+++ Given material
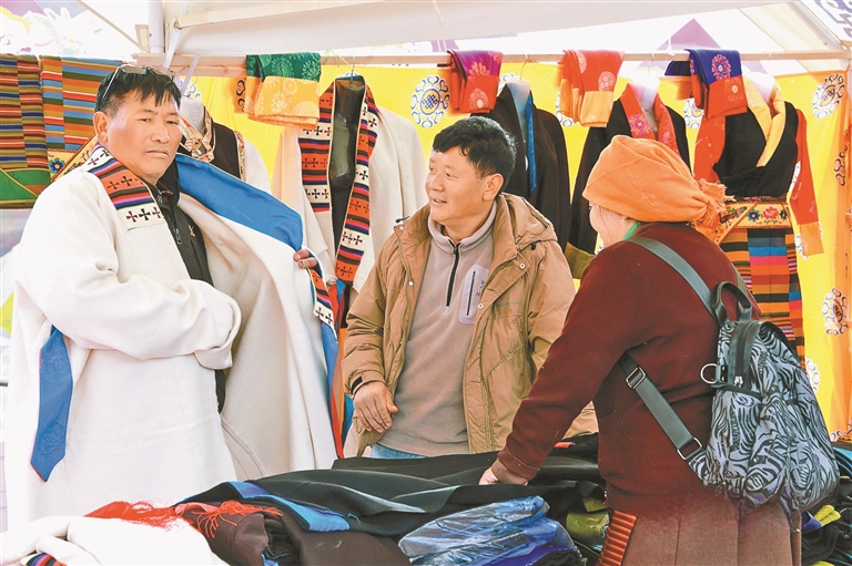 320余個(gè)攤位如繁星般鋪開(kāi),空氣中彌漫著酥油、藏香與干果混合的復(fù)雜香氣。此起彼伏的吆喝聲、討價(jià)還價(jià)聲與孩子們歡快的笑聲交織在一起,為這片集市增添了熱鬧的氣息。短短7天,這場(chǎng)年貨盛會(huì)便吸引客流約13萬(wàn)人次,實(shí)現(xiàn)銷售總額2802萬(wàn)元。這不僅是數(shù)字的躍升,更是“政府搭臺(tái)、商戶獲利、群眾受益”的良性循環(huán)。
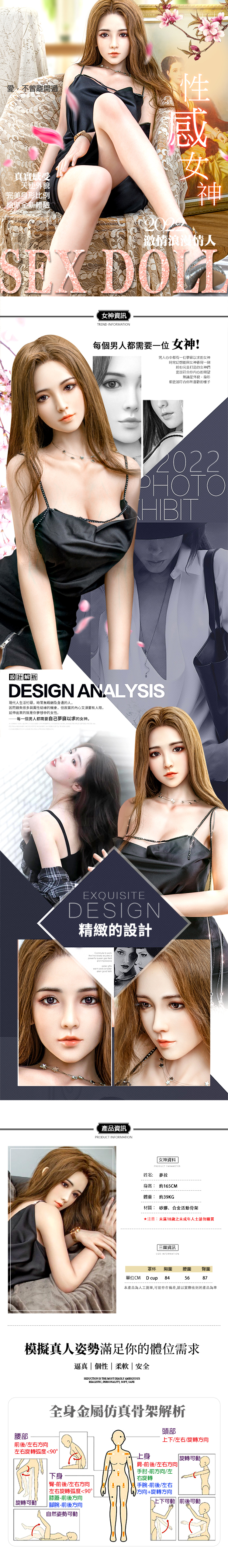 特色說明超擬真165cm真人矽膠娃娃3S級仿真皮膚塗層全面升級果凍胸,給你柔軟的舒適感受免費升級可站立款,解鎖多樣姿勢
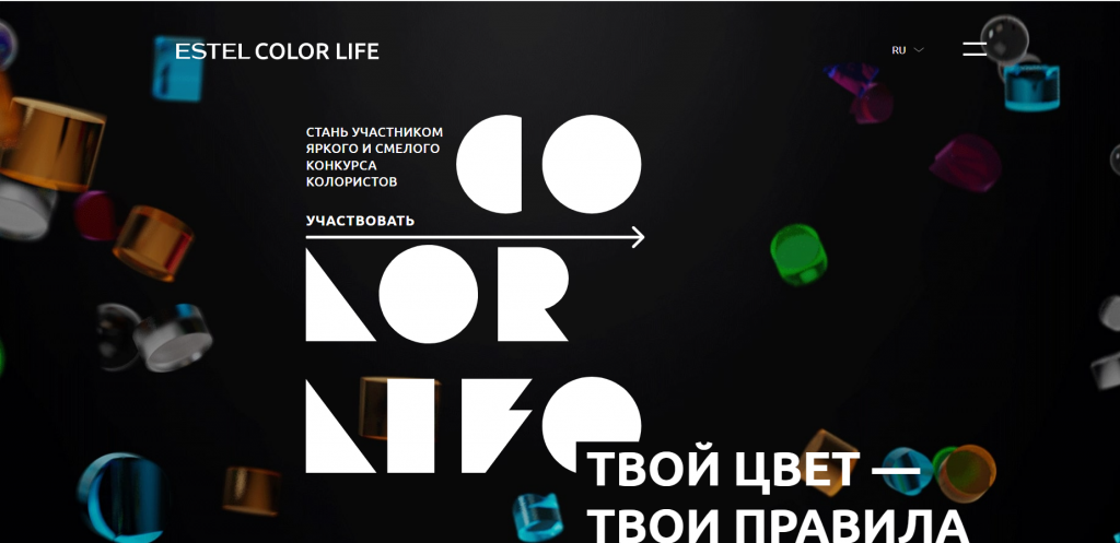 "ESTEL COLOR LIFE – это творческая площадка, которая дает возможность рассказать миру то, как ты его видишь." https://estelcolorlife.ru/#colors-part
++++++
Exercise brief – Everything in the listing above, apart from its pictures, must be repeated exactly.

Task output –
 320余個(gè)攤位如繁星般鋪開(kāi),空氣中彌漫著酥油、藏香與干果混合的復(fù)雜香氣。此起彼伏的吆喝聲、討價(jià)還價(jià)聲與孩子們歡快的笑聲交織在一起,為這片集市增添了熱鬧的氣息。短短7天,這場(chǎng)年貨盛會(huì)便吸引客流約13萬(wàn)人次,實(shí)現(xiàn)銷售總額2802萬(wàn)元。這不僅是數(shù)字的躍升,更是“政府搭臺(tái)、商戶獲利、群眾受益”的良性循環(huán)。
 特色說明超擬真165cm真人矽膠娃娃3S級仿真皮膚塗層全面升級果凍胸,給你柔軟的舒適感受免費升級可站立款,解鎖多樣姿勢
 "ESTEL COLOR LIFE – это творческая площадка, которая дает возможность рассказать миру то, как ты его видишь." https://estelcolorlife.ru/#colors-part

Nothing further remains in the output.